The package is priced at $49.95 for the rest of the season and $19.95 for a 30-day period.
A second in-market streaming deal set to be announced this week involves the San Diego Padres and Cox Communications, according to industry sources.
Selig’s memo was created and distributed with the intent of announcing two clubs had entered into in-market streaming agreements and to outline the economic framework for these and subsequent pacts.
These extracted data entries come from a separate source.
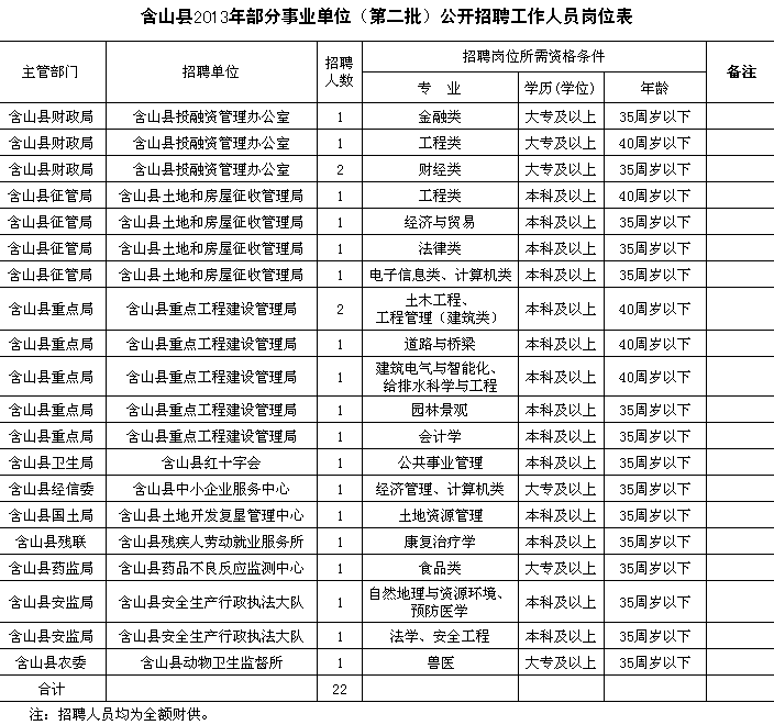 含山縣2013年部分事業(yè)單位(第二批)公開招聘工作人員22名,詳見《含山縣2013年部分事業(yè)單位(第二批)公開招聘人員崗位表》,以下簡稱《崗位表》。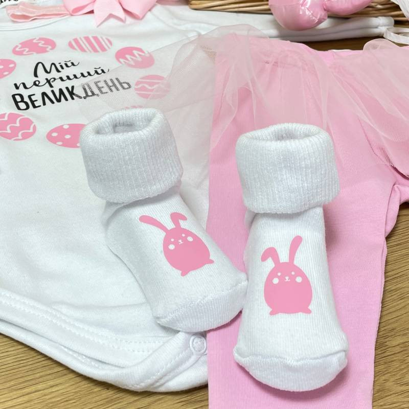Замовте комплект "Перший Великодній кошик" уже сьогодні, щоб ваша маленька дівчинка виглядала неперевершено цього Великодня! Цей комплект не тільки забезпечує комфорт вашому малюку, але й додасть яскравих барв у ваші великодні спогади.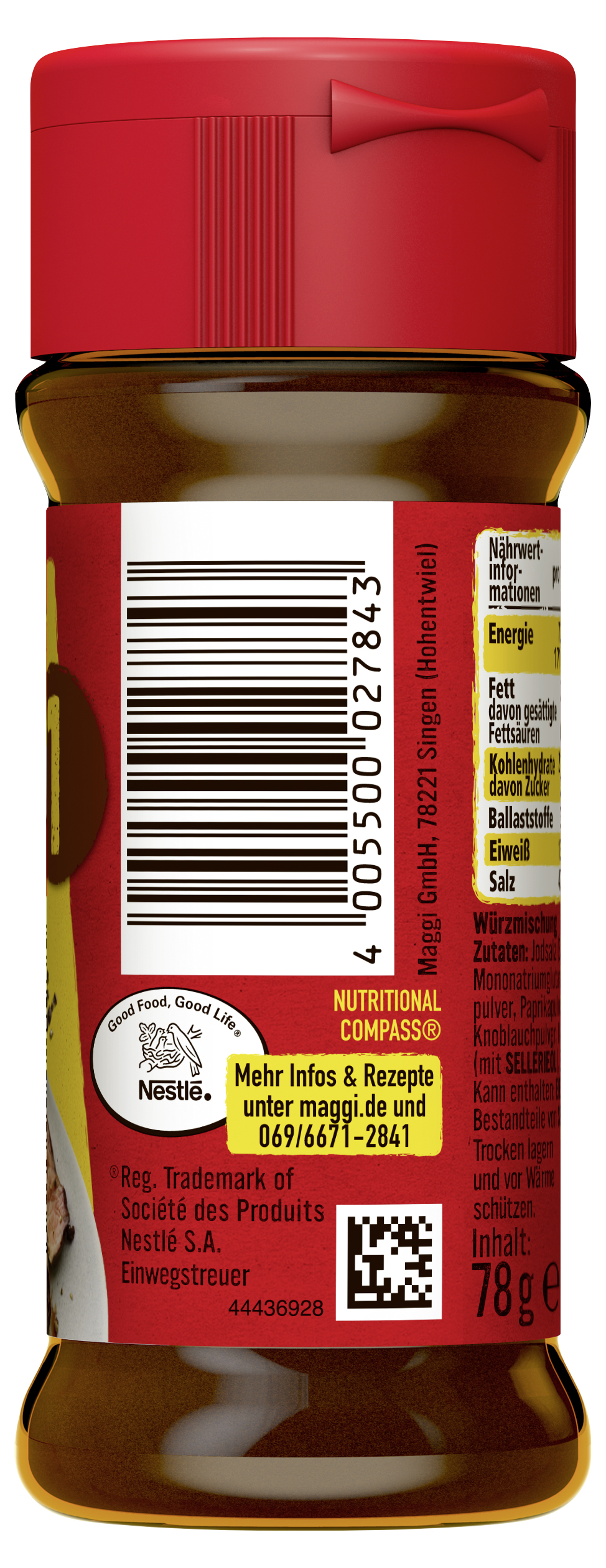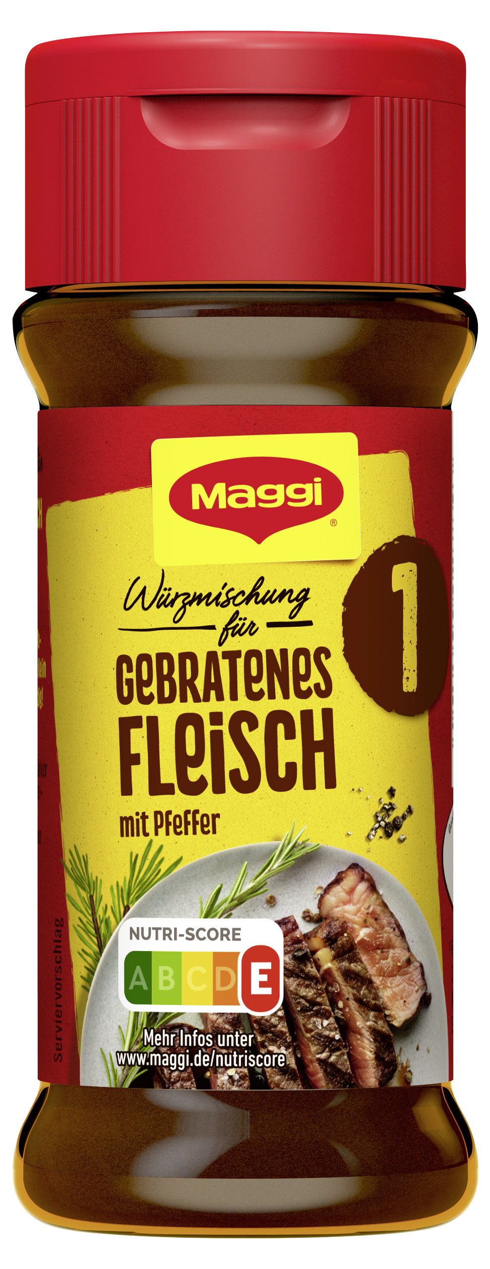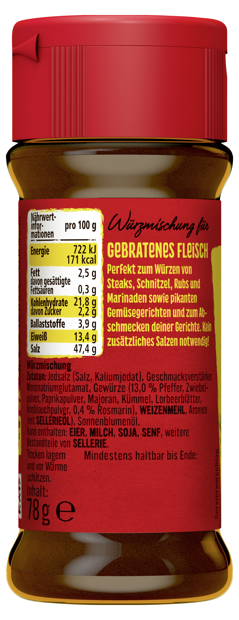 myTime Assortment Yes myTime Article Number 4502070339 myTime Product Title Maggi Würzmischung Nr. 1 für gebratenes Fleisch EAN 04005500027843 Material Number 11891220 Marke MAGGI Product Name MAGGI Würzmischung Nr. 1 für Gebratenes Fleisch 78g Net Content 78 Net Content UoM GRM Net Weight 78 Net Weight UoM GRM Artikel Höhe 120.000 Artikel Höhe UoM MMT Artikel Breite 49.000 Artikel Breite UoM MMT Artikel Länge 49.000 Artikel Länge UoM MMT Schlagwörter rind, huhn, schwein, würzmittel, gewürze, gemuese, imbiss, nudeln, suppen, schnelles gericht, essen, fertig-gericht, fast food, snack, instant, kochen, rezept, lebensmittel, convenience, food, festival, camping, produkt, kleine mahlzeit, fertigessen, unterwegs, to go, reise Bezeichnung Würzmischung Beschreibung Mit der MAGGI Würzmischung für gebratenes Fleisch erhalten herzhafte Fleischgerichte ihre perfekte Würze. Feine Kräuter und Gewürz verleihen den Gerichten einen kräftigen, pikanten Geschmack. Ob klassischer Rinderbraten oder leckere mexikanische Tortilla mit Speck – wer die richtige Würzmischung im praktischen Streuer zu Hause hat, kann sein Fleisch ganz einfach würzen! Ob saftige Steaks, leckere Schnitzel, herzhafte Fleischspieße oder deftige Rouladen – Rezepte mit Fleisch lassen sich mit der Würzmischung von MAGGI perfekt abrunden. Sie ist ideal für lang und kurz gebratene Fleischgerichte und darf in keiner Küche fehlen. Die MAGGI Würzmischung für gebratenes Fleisch ist vielseitig einsetzbar: Sie kann direkt beim Kochen und Braten oder nach der Zubereitung zum Abschmecken und Verfeinern verwendet werden. Der praktische Streuer ermöglicht ein genaues Dosieren – ganz nach individuellem Geschmack. MAGGI Würzmischung - gebratenes Fleisch ist ideal zum Würzen gebratener Fleischgerichte und dunkler Saucen. Die pikante Würzmischung mit aromatischen Kräutern und feinen Gewürzen basiert auf Pfeffer, abgerundet mit Majoran, Paprika, Kümmel, Lorbeer und Rosmarin. Einfach während des Kochens dazugeben oder danach zum Abschmecken verwenden. Genieße den einzigartigen Geschmack, den die MAGGI Würzmischung deinen Fleischgerichten verleiht! Zubereitung Perfekt zum Würzen von Steaks, Schnitzel, Rubs und Marinaden sowie pikanten Gemüsegerichten und zum Abschmecken deiner Gerichte. Kein zusätzliches Salzen notwendig! Zutaten Zutaten: Jodsalz (Salz, Kaliumjodat), Geschmacksverstärker Mononatriumglutamat, Gewürze (13,0% Pfeffer, Zwiebelpulver, Paprikapulver, Majoran, Kümmel, Lorbeerblätter, Knoblauchpulver, 0,4% Rosmarin), WEIZENMEHL, Aromen (mit SELLERIEÖL), Sonnenblumenöl.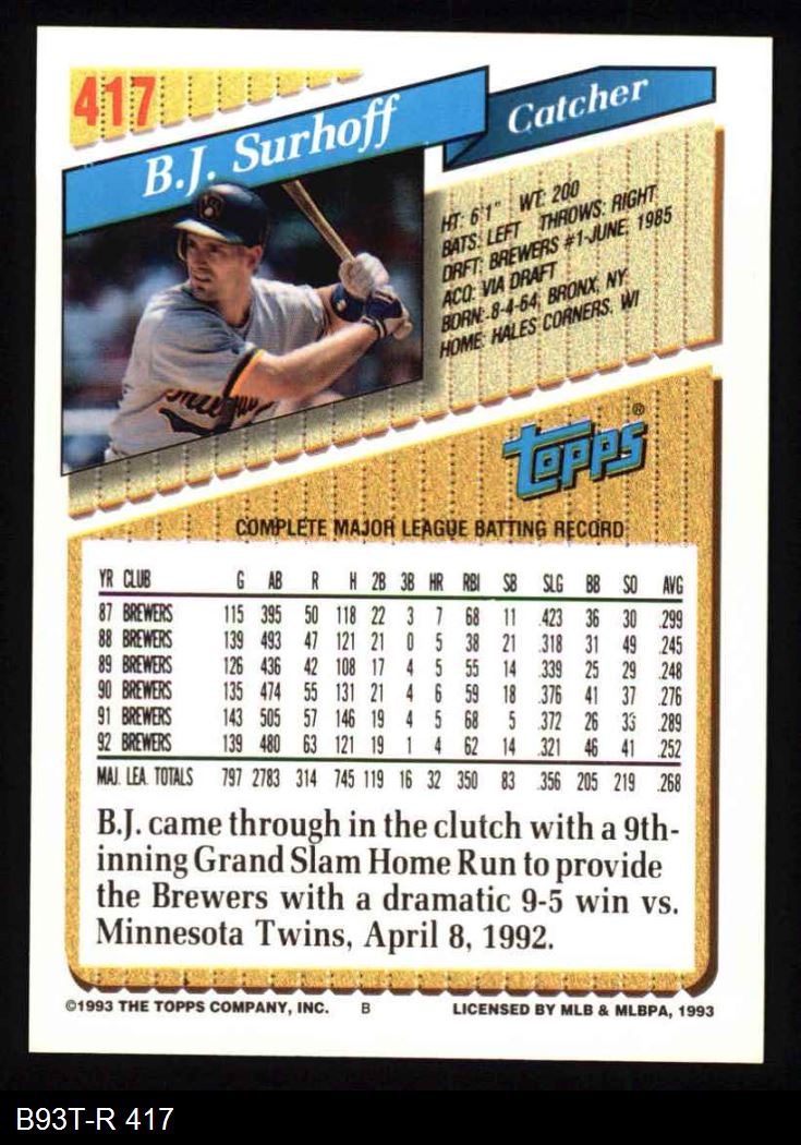 1993 Topps Baseball Cards (3,975 available)1993 Topps Brewers (170 available)
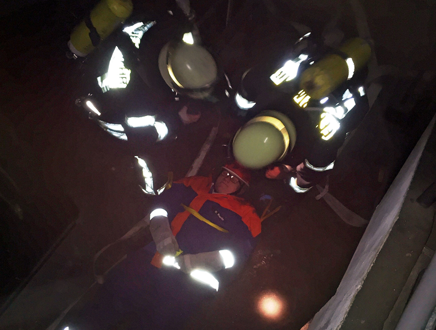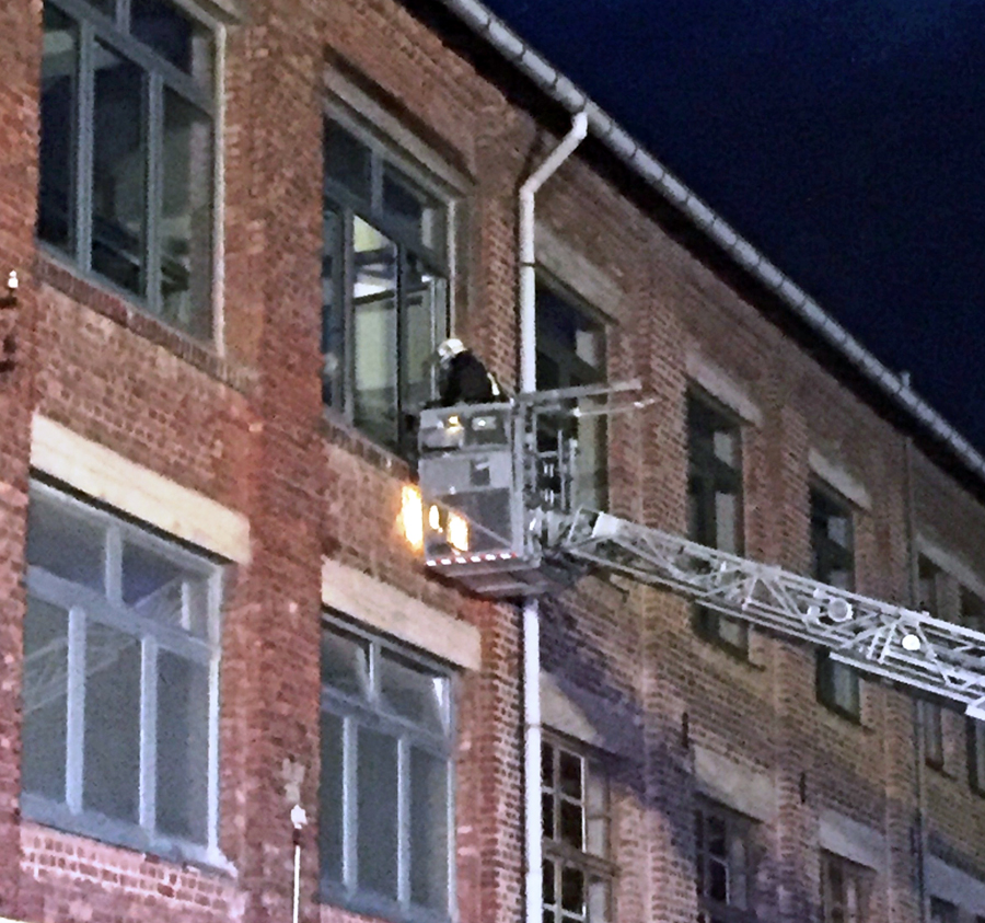 Ange­nom­men wur­de ein Brand mit ver­miss­ten Per­so­nen. Beim Ein­tref­fen der ers­ten Ret­tungs­kräf­te am Übungs­ort mach­ten sich bereits zwei Per­so­nen an einem Fens­ter im zwei­ten Ober­ge­schoss bemerk­bar. Es quoll zudem Qualm aus der Fens­ter­öff­nung. Der Ein­satz­lei­ter nahm Kon­takt mit den bei­den Per­so­nen auf, um wich­ti­ge Infor­ma­tio­nen zum Umfang des Bran­des zu erlan­gen. Nach der Erkun­dung erhielt der ers­te Angriffs­trupp den Befehl, zur Men­schen­ret­tung vor­zu­ge­hen, aus­ge­rüs­tet mit einem C‑Rohr, einem mobi­len Rauch­ver­schluss und wei­te­rem Ret­tungs­ge­rät. Hier­bei wur­de der Trupp von einem wei­te­ren Ein­satz­trupp unter schwe­rem Atem­schutz unter­stützt. Der ers­te Trupp muss­te mit Hil­fe tech­ni­scher Spe­zi­al­aus­rüs­tung eine Stahl­tür öff­nen, die ihm den wei­te­ren Weg ver­sperr­te. Mit ver­ein­ten Kräf­ten gelang es schließ­lich, die Tür zu öff­nen, den Rauch­ver­schluss anzu­brin­gen und die Suche im drit­ten Ober­ge­schoss fort­zu­füh­ren. Die wei­te­ren Ein­satz­kräf­te mach­ten sich von außen mit Hil­fe der Dreh­lei­ter und einer vier­tei­li­gen Steck­lei­ter an die Befrei­ung der zwei Personen.

In a similar memo nearly two years ago, Selig described the financial debate over in-market streaming as being in a “logjam” and pressed the MLBAM board of directors to pursue a solution. The latest memo references that prior note, as Selig calls the new framework “a fair and practical outcome to break what I have called the in-market streaming ‘logjam.’”
Other teams do not appear to be close to deals for in-market streaming on the heels of the Yankees and Padres, but MLB President Bob DuPuy last week said while announcing the Yankees’ deal that he expects “a majority” of teams will have such deals in place sometime next season.
Selig’s memo, however, shows the uncertainty that MLB has in determining how big the local streaming market will be. Similarly, MLB Advanced Media President and Chief Executive Bob Bowman last week acknowledged that part of the effort involves creating a new market.
In the Selig memo, the commissioner describes three years of “agonizing” over the issue, and how the league hired Allen & Co. to determine the value of local streaming rights. That research effort “provided guidance, but not certainty,” he wrote.
“Only one thing is in fact certain — there is some set of revenues that we are not currently generating,” Selig writes. “At the outset, I am convinced the revenues are likely to be quite modest and I am convinced it is in the interest of the game to begin an assessment of how our fans will react to this offering.”
Currently, the Yankees’ in-market streaming is available only to Cablevision subscribers who receive both the company’s TV and Internet service. YES President and Chief Executive Tracy Dolgin last week said the RSN is talking with other distributors to expand the footprint of the Yankees’ in-market streaming, as Cablevision’s penetration does not reach several key parts of the New York market.
But those deals, as well as any other MLB in-market streaming pacts, according to the Selig memo, will require that a user receiving the service must also “be a cable television subscriber to the club’s regional sports network” in order to protect the existing local TV rights.